By Megan Crouse | December 1, 2016

Organized compounds like the bonds made at CalTech can be used in medicine and many other applications. Image credit: California Institute of Technology

An adhesive produced from organic compounds could change the way things like semiconductors and computer screens are made.

Spotted by The Verge, researchers from the California Institute of Technology are working on bonding silicon and carbon using live bacteria. CalTech detailed how the bacteria open up a new possibility for the type of chemical reaction that has only been done in controlled lab environments before.

“We decided to get nature to do what only chemists could do — only better,” says Frances Arnold, professor of chemical engineering, bioengineering, and biochemistry, and principal investigator.

As well as creating a practical adhesive, the bacteria also answers a more science fictional question – can silicon-based life thrive the same way carbon-based life does? Science fiction writers have taken this task in hand, and the CalTech researchers found a way to “breed” enzymes, directing their development in a lab until they had an enzyme that could produce a silicon-carbon bond.

The key was a protein from cytochrome c, which is found in a bacterium that grows in Icelandic hot springs. The researchers tweaked the DNA coding in that protein so that it made silicon-carbon bonds more efficiently than those same bonds can be made using chemical catalysts.

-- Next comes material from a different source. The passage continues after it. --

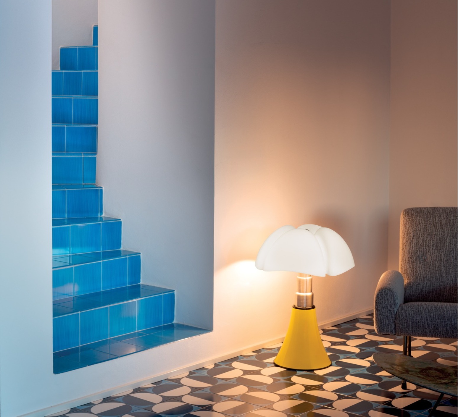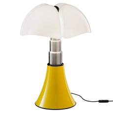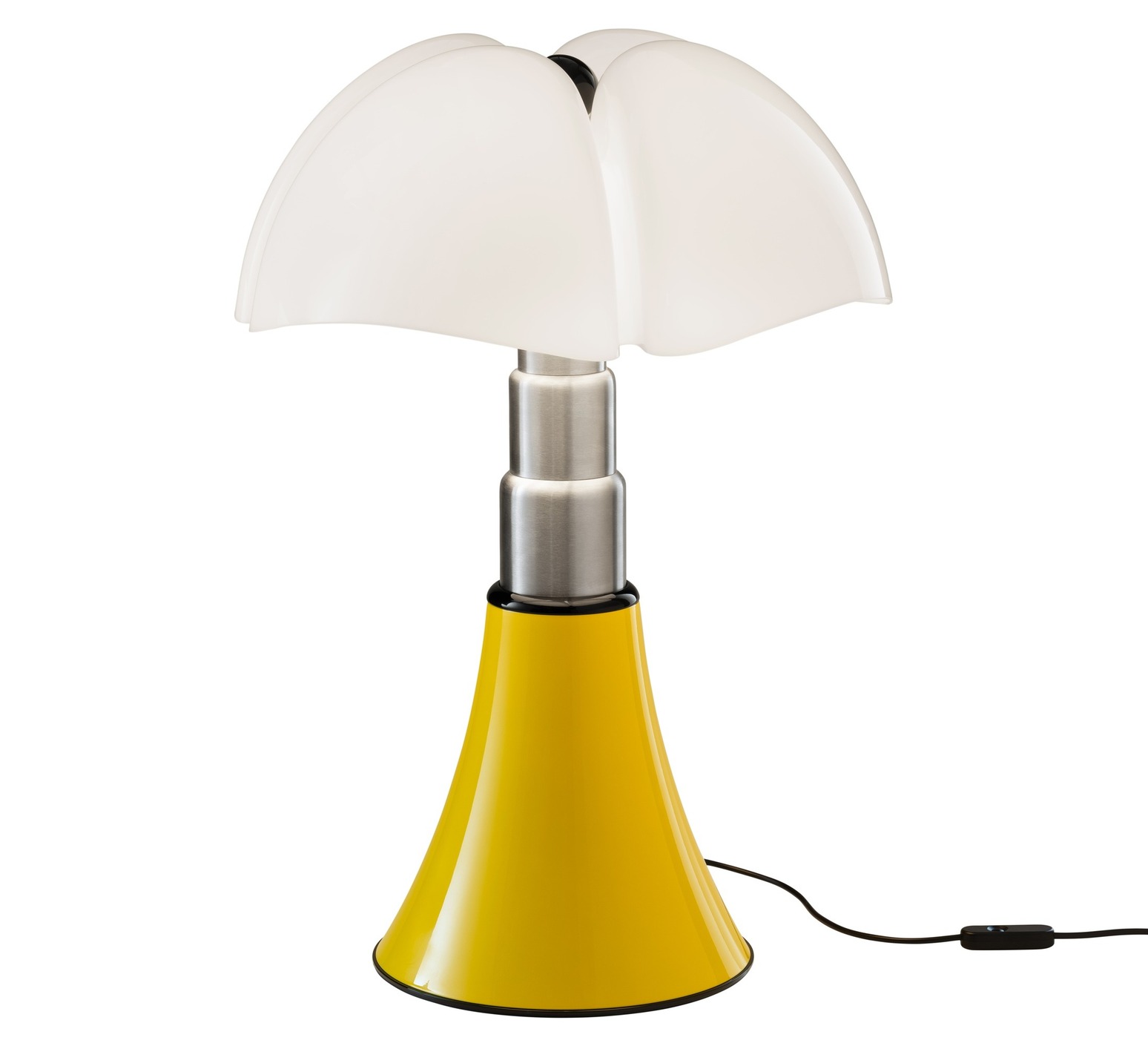 Cette lampe à poser design dans sa version Pop en jaune et noir, est une icône du design. La base jaune sertie de noir rappelle la période Pop Art. Exubérante et audacieuse, elle offre un design solaire à votre intérieur. Elle éclaire votre intérieur avec élégance. La forme de la base évasée a été inspirée des ailes d’une chauve-souris ("pipistrello" en italien).

Adding E. coli bacteria enabled the cytochrome c to survive in the lab. There, it can work like a factory producing silicon-carbon molecules.

“This iron-based, genetically encoded catalyst is nontoxic, cheaper, and easier to modify compared to other catalysts used in chemical synthesis,” said Jennifer Kan, lead author. “The new reaction can also be done at room temperature and in water.”

It could be used to make medicines, paints, and electronic components such as semiconductors or computer screens. Currently, they are made synthetically using chemical reactions, which produce more byproducts – and therefore more waste – than the organic method.

The research was published in the journal Science Nov. 24. Its completion netted its researchers Caltech’s Dow Sustainability Innovation Student Challenge Award (SISCA) grand prize.